Mode de calcul : (100 KBq m2 de Cs137/1,80E-3 Vitesse de chute m s-1) * 50,39 Activité excursion à t/Cs137  en excursion à t * 2,57E-4 débit respiratoire m3 s-1 = 719,31 KBq * 1,05E-8 Sv/Bq moyen intégré de l’ensemble des éléments émis = 7,56 mSv. (Ce Sv/Bq moyen intégré de circonstance n’est ici que le rapport à t. entre la somme des doses individuelles des différents éléments et l’activité totale incorporée. Pour détails des doses ICRP par élément voir le tableau 1 ci-dessous.)

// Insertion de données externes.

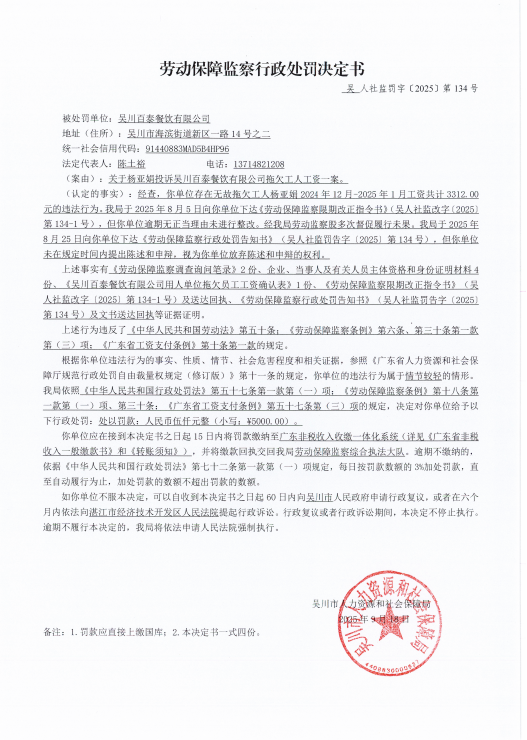 劳动保障监察行政处罚决定书

NB : Après 10 jours de décroissance le panache « à la Tchernobyl » d’un carburant brûlé en moyenne à 23 GwJ/t comme celui de Fukushima est encore 50 fois plus actif et 110  fois plus radiotoxique par inhalation que le Cs137 qu'il contient.

Scénario 2 : « A la Tepco » (Les trois réacteurs en fusion reconnue et explosés de Fukushima contenant plus de 6 tonnes de produits de fission ont relâché 21 fois moins de radioactivité que le réacteur de Tchernobyl en fusion qui contenait autour de 2,2 tonnes de produits de fission. Tel est le mantra officiel qui chante en cœur qu’Auschwitz était une douche.) 

Pour cette même activité totale intégrée de passage de l'élément de 55,56 MBq/m3, l'activité intégrée attendue du panache dans le (faux) scénario d’excursion avancé par la Tepco, 205,53 fois supérieure, s'élève à 11,42 GBq/m3. La radioactivité incorporée en la circonstance atteint 2,93 MBq pour une dose interne induite de 363,90 μSv à raison d'un taux respiratoire de 0,925 m3/h soit de 2,57E-4 m3/s. La radioactivité artificielle totale inhalée est 29,3 fois plus élevée que le dépôt de 100 KBq/m2 du Cs137.

Mode de calcul : (100 KBq m2 de Cs137/0,0018 Vitesse de chute m s-1) * 205,53 Activité excursion à t/Cs137  en excursion à t * 2,57E-4 débit respiratoire m3 s-1 = 2,93 MBq * 3,45E-10 Sv/Bq intégré en fonction des éléments émis = 1,01 mSv. (Voir tableau 2)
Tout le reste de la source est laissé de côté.